Python Bin Picking is an application designed to automate the identification and picking of objects in a bin using an Intel RealSense camera. Leveraging computer vision techniques, the script detects specific objects by their color and size, and guides robotic mechanisms to pick these objects efficiently.
- Real-time cube detection using an Intel RealSense camera.
- Python 3.6 or higher
- OpenCV (
cv2
) pyrealsense2
- NumPy
Ensure you have the required libraries installed. You can install them using pip:
pip install numpy opencv-python pyrealsense2
python RealSenseBinPicking.py --object_size 150 --width 640 --height 480 --log INFO --output_mode json
- object_size: Minimum contour area to consider a shape suitable for picking (default is 150 pixels squared).
- width and --height: Resolution of the video stream (default is 640x480).
- log: Logging level (default is INFO).
- output_mode: Specifies the output format (e.g., json for integration with robotics systems).

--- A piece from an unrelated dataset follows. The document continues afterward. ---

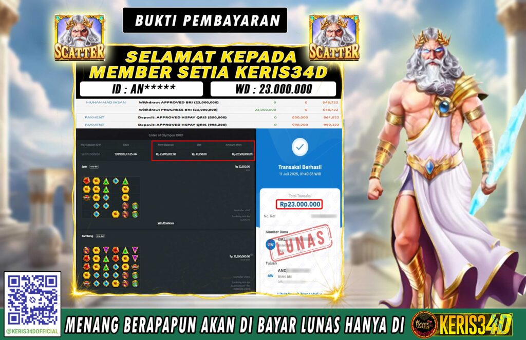 Setiap hari, member KERIS34D berhasil meraih jackpot besar dari berbagai provider slot ternama yang kami sediakan, seperti Pragmatic Play, Habanero, PG Soft, dan masih banyak lagi. Kami secara rutin menampilkan bukti screenshot atau rekapan kemenangan yang berhasil diraih, mulai dari kemenangan ratusan ribu hingga puluhan juta rupiah. Semua slip kemenangan ini kami hadirkan untuk membuktikan bahwa di KERIS34D peluang menang itu nyata

- Color Ranges: Define the color ranges in HSV for object detection based on the specific objects in your bin.
- Process Frame: Adjust image processing steps to optimize detection under varying lighting and bin conditions.
- Robot Arm: Ufactory xArm 850
- Gripper: Custom Made
- Camera: Intel RealSense D435i
The detected objects will be displayed in a window with their respective bounding boxes and identified color labels. If output_mode is set to json, the script will output the coordinates and dimensions of detected objects in a JSON format for use by robotic picking systems.
Contributions to enhance the functionality or adapt the script to specific picking tasks or different environments are welcome. Please follow the existing code style and add comprehensive comments.
This project is open source and available under the MIT License.